**WHAT YOU NEED TO DO**
Pictures stay out; print the rest of the listing below exactly as it stands.

**COLLECTED MATERIAL**
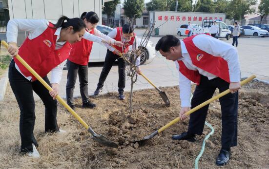 9点30分,活动正式开始。党员代表有序分工合作种植海棠树苗,个个热情洋溢、干劲十足。挥锹铲土、挖坑扶苗、填土浇水,植树现场呈现出一幅春日忙种图。
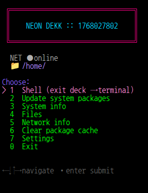 NEON DEKK transforms your standard terminal into a sleek, neon-styled menu. It simplifies everyday tasks, giving you one clean screen to launch tools, update your system, browse files, and check network status—no clutter, no confusing codes.
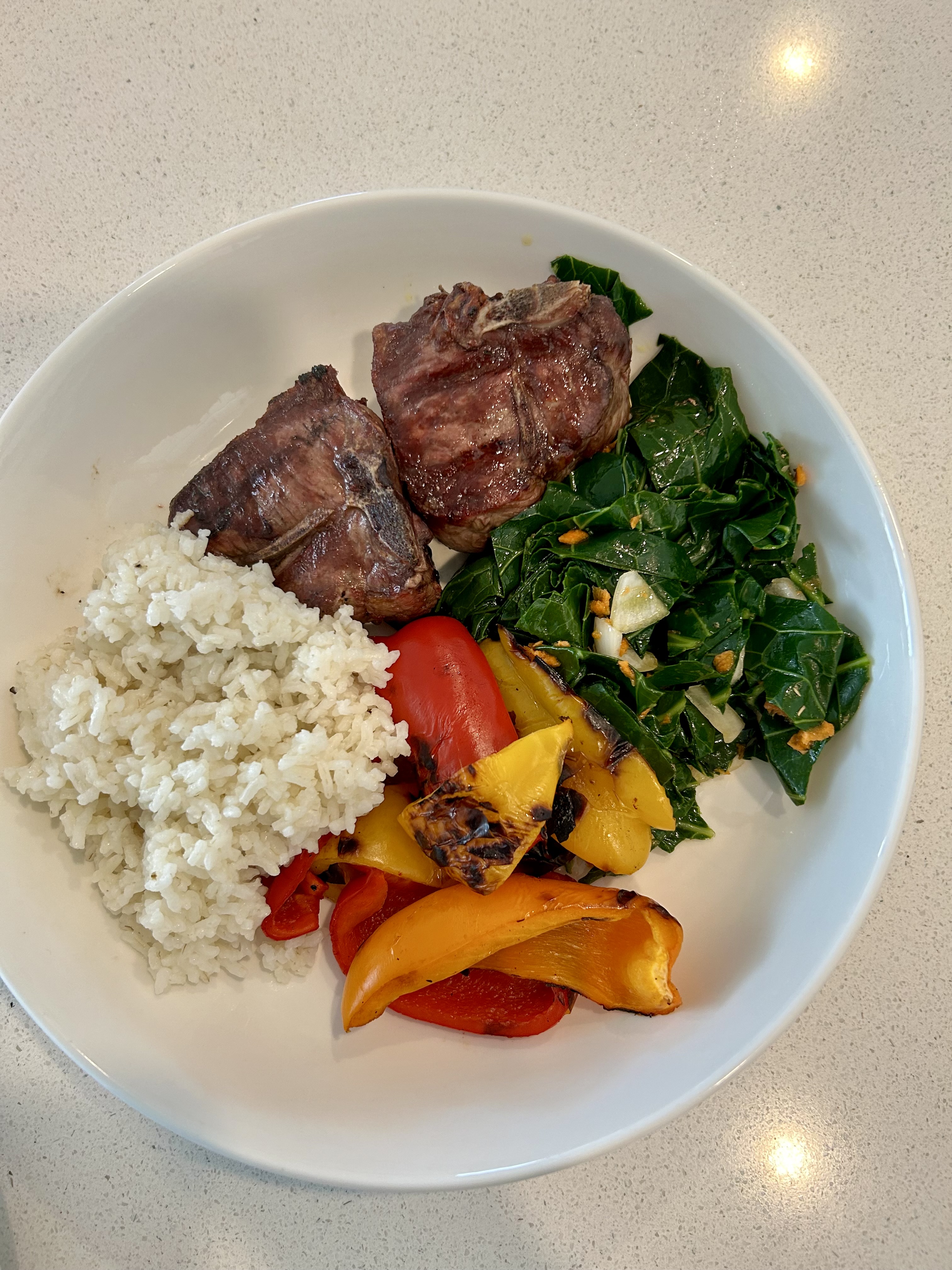 The rest is no surprise to you blog readers: grilled lamb chops and sweet peppers and some of the Carolina Gold Rice. (I couldn’t find any organic Carolina Gold Rice at Whole Foods so will call Anson Mills again tomorrow.) Grilled sweet peppers are so much sweeter than they are roasted in the oven or the Air Fryer.

**WRITTEN REPLY**
 9点30分,活动正式开始。党员代表有序分工合作种植海棠树苗,个个热情洋溢、干劲十足。挥锹铲土、挖坑扶苗、填土浇水,植树现场呈现出一幅春日忙种图。
 NEON DEKK transforms your standard terminal into a sleek, neon-styled menu. It simplifies everyday tasks, giving you one clean screen to launch tools, update your system, browse files, and check network status—no clutter, no confusing codes.
 The rest is no surprise to you blog readers: grilled lamb chops and sweet peppers and some of the Carolina Gold Rice. (I couldn’t find any organic Carolina Gold Rice at Whole Foods so will call Anson Mills again tomorrow.) Grilled sweet peppers are so much sweeter than they are roasted in the oven or the Air Fryer.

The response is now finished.